··· DATASET CONTENT

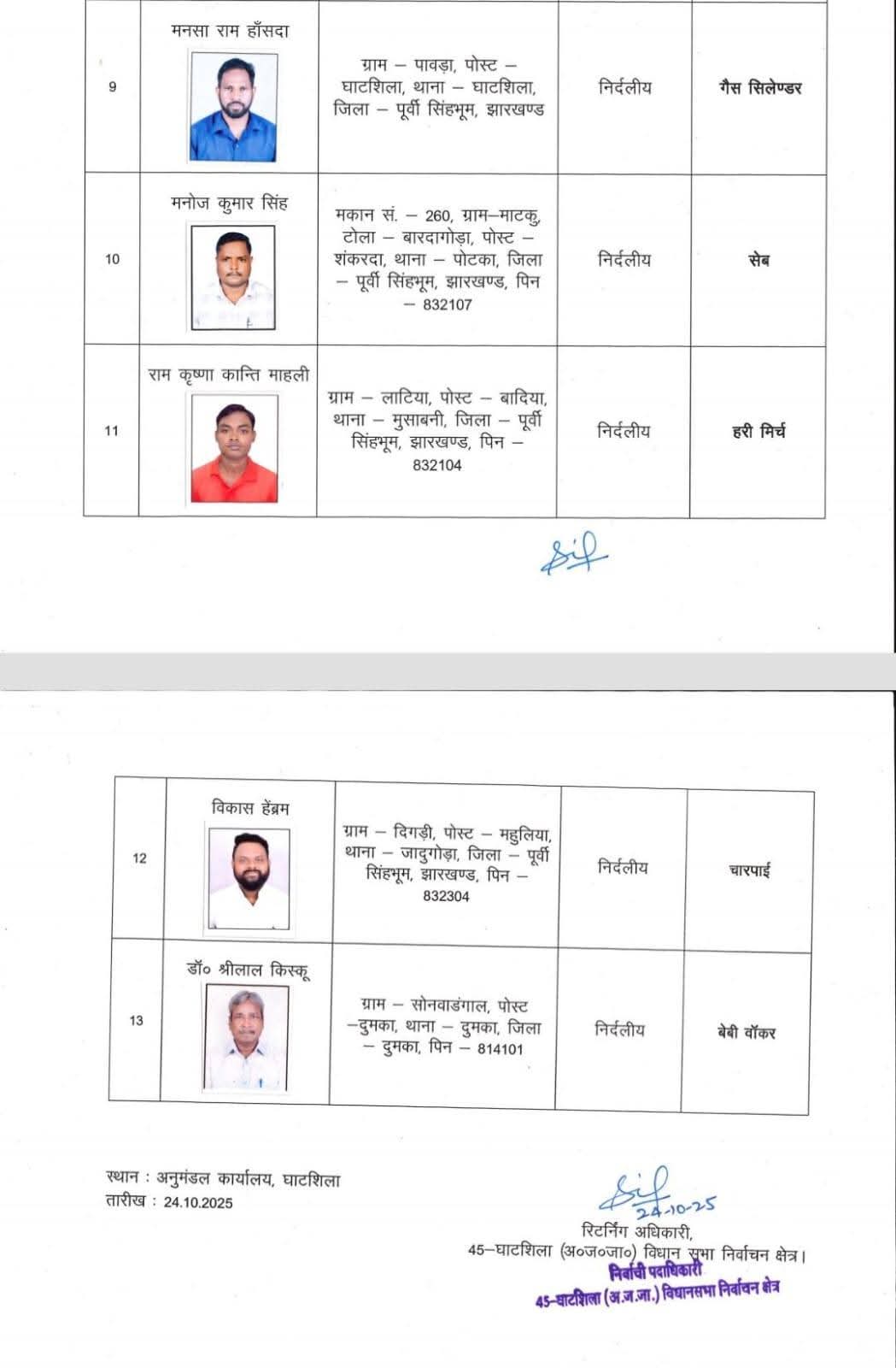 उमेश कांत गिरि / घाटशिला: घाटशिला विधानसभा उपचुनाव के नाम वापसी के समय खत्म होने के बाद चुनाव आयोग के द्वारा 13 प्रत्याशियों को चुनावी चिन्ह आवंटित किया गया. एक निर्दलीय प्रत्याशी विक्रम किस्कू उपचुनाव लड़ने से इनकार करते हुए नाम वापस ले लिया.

······
··· DATASET CONTENT

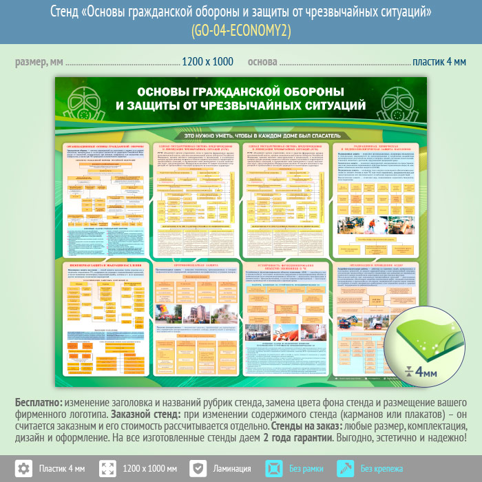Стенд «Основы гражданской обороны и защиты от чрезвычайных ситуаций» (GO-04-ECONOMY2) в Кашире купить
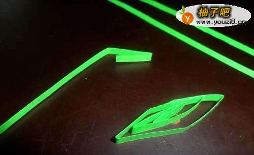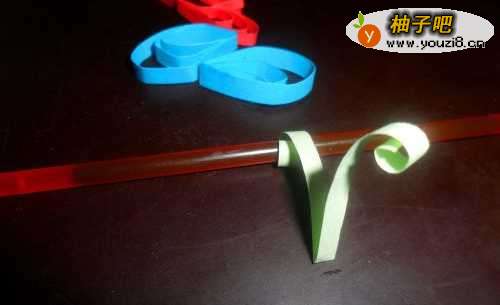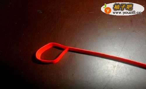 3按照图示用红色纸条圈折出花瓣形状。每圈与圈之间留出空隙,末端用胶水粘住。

······

TASK REQUIREMENTS -
Once the line with "в Кашире купить" is found in the data above, reproduce it and each line after it exactly, through the line with "3按照图示用红色纸条圈折出花瓣形状。每圈与圈之间留出空隙,末端用胶水粘住。". Omit the pictures.

SOLUTION FOR THIS EXERCISE -
Стенд «Основы гражданской обороны и защиты от чрезвычайных ситуаций» (GO-04-ECONOMY2) в Кашире купить
 3按照图示用红色纸条圈折出花瓣形状。每圈与圈之间留出空隙,末端用胶水粘住。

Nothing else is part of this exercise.